ENACT: Entropy-based Attention Clustering for detection Transformers

This is the official implementation of the paper ENACT: Entropy-based Clustering of Attention Input for Improving the Computational Performance of Object Detection Transformers.

It is a plug-in module, used for clustering the input of Detection Transformers, based on their entropy which is learnable. In its current state, it can be plugged only in Detection Transformers that have a Multi-Head Self-Attention module in their encoder.
In this repository, we plug ENACT to three such models, which are the DETR, Conditional DETR and Anchor DETR.

We provide comparisons in GPU memory usage, training and inference times (in seconds per image) between detection transformer models, with and without ENACT.

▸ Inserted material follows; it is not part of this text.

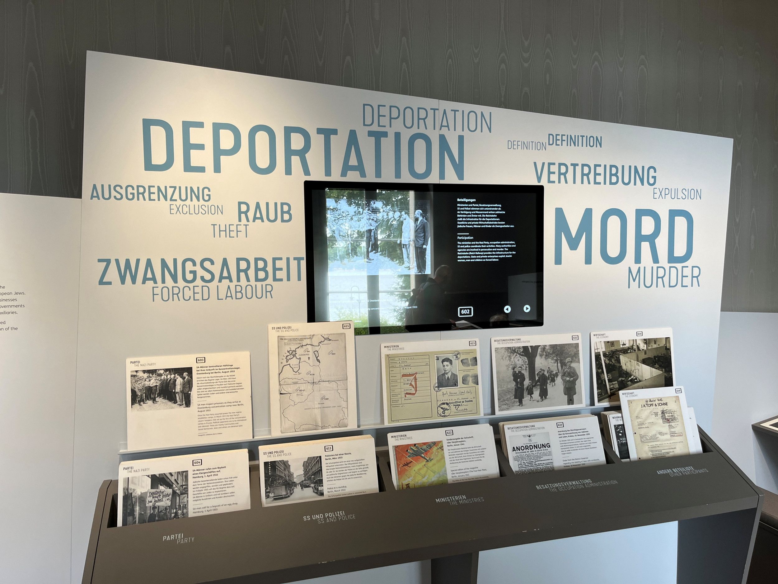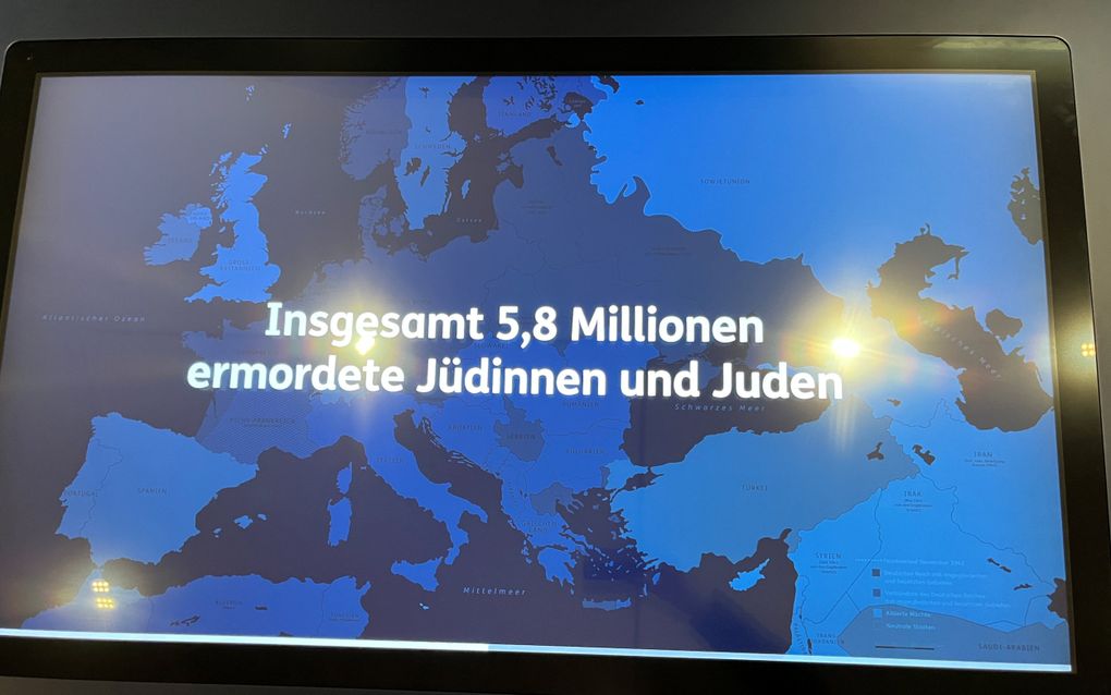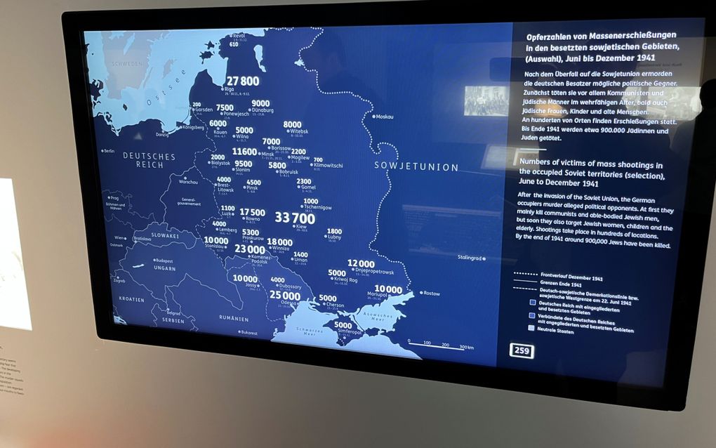 Een Duitse schoolklas krijgt luidkeels uitleg over de gruwelen van toen. Panelen bieden informatie over de massamoord die de nazi’s uitdachten en uitvoerden, in blinde haat en ijver. Op een kaart van Europa staat aangegeven waar massa-executies plaatshadden en hoeveel Joden daarbij werden omgebracht. De grootste aantallen –huiveringwekkend groot– zijn het grootst weergegeven: 33.700, 27.800, 25.000, 23.000. Het zijn afgeronde aantallen, maar elk mens was er één.
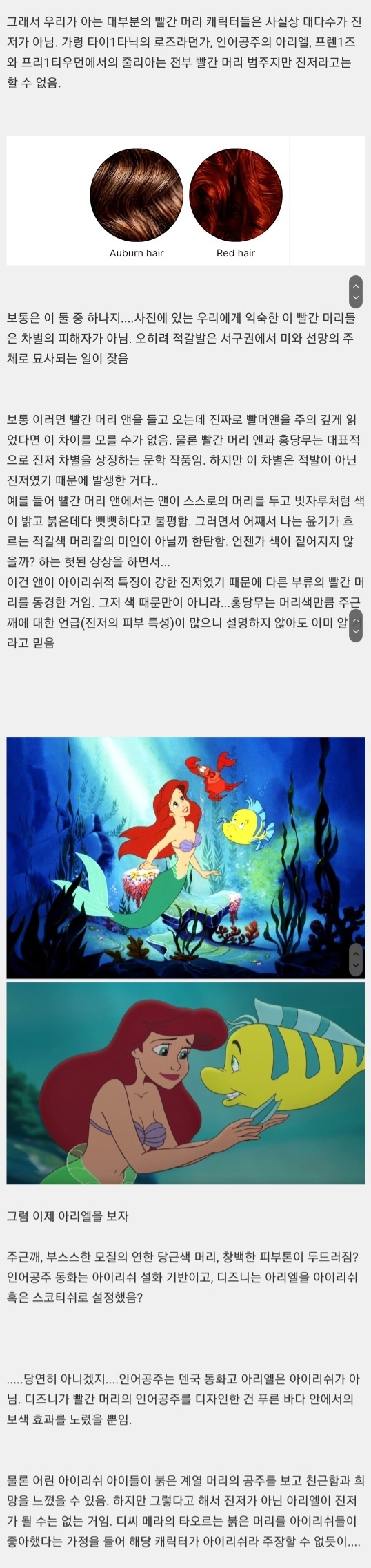 그리고 이러한 논리는 백인인셀들이 먼저 제기한 논리였는데 이는 진저와 적발의 차이에 대한 몰이해에서 비롯된 것. 에리얼은 진저가 아닙니다.아이리쉬도 아닙니다 이에 대한 설명 아래 참고( 출처: 해연갤)

model	backbone	epochs	batch	GPU (GB)	train time	inf time
DETR-C5	R50	300	8	36.5	0.0541	0.0482
DETR-C5 + ENACT	R50	300	8	23.5	0.0488	0.0472
Conditional DETR-C5	R101	50	8	46.6	0.0826	0.0637
Conditional DETR-C5 + ENACT	R101	50	8	36.7	0.0779	0.0605
Anchor DETR-DC5	R50	50	4	29.7	0.0999	0.0712
Anchor DETR-DC5 + ENACT	R50	50	4	17.7	0.0845	0.0608

All experiments were done using the COCO 2017 train118k set for training, and val5k for validation. The precisions are computed based on the validation performance. We also provide logs and checkpoints for the models trained using ENACT.

model	AP	AP₅₀	AP_S	AP_M	AP_L	url
DETR-C5	40.6	61.6	19.9	44.3	60.2	-
DETR-C5 + ENACT	39.0	59.1	18.3	42.2	57.0	model \| log
Conditional DETR-C5	42.8	63.7	21.7	46.6	60.9	-
Conditional DETR-C5 + ENACT	41.5	62.2	21.3	45.5	59.3	model \| log
Anchor DETR-DC5	44.3	64.9	25.1	48.1	61.1	-
Anchor DETR-DC5 + ENACT	42.9	63.5	25.0	46.8	58.5	model \| log

Setup instructions

Initially, clone the repository.

git clone https://github.com/GSavathrakis/ENACT.git
cd ENACT

Download the data

You should download the MS COCO dataset. This module was trained on the COCO 2017 dataset. The structure of the downloaded files should be the following:

path_to_coco/
├── train2017/
├── val2017/
└── annotations/
	├── instances_train2017.json
	└── instances_val2017.json

Install using conda

Subsequently, set up an anaconda environment. This repo was tested on python 3.10 with cuda 11.7

conda create -n "env name" python="3.10 or above"
conda activate "env name"

Next you need to install cuda in your conda environment and the additional packages

conda install nvidia/label/cuda-11.7.0::cuda
pip install torch==2.0.0 torchvision cython scipy pycocotools tqdm numpy==1.23 opencv-python

Install using Docker

Alternatively, you can create a docker container using the Dockerfile and the .yml files provided.

docker compose build
docker compose up

Training

In order to train one of the detection transformers, with the ENACT module, you should run:

python "Path to one of the DETR variants models"/main.py --coco_path "Path to COCO dataset" --output_dir "Path to the directory where you want to save checkpoints"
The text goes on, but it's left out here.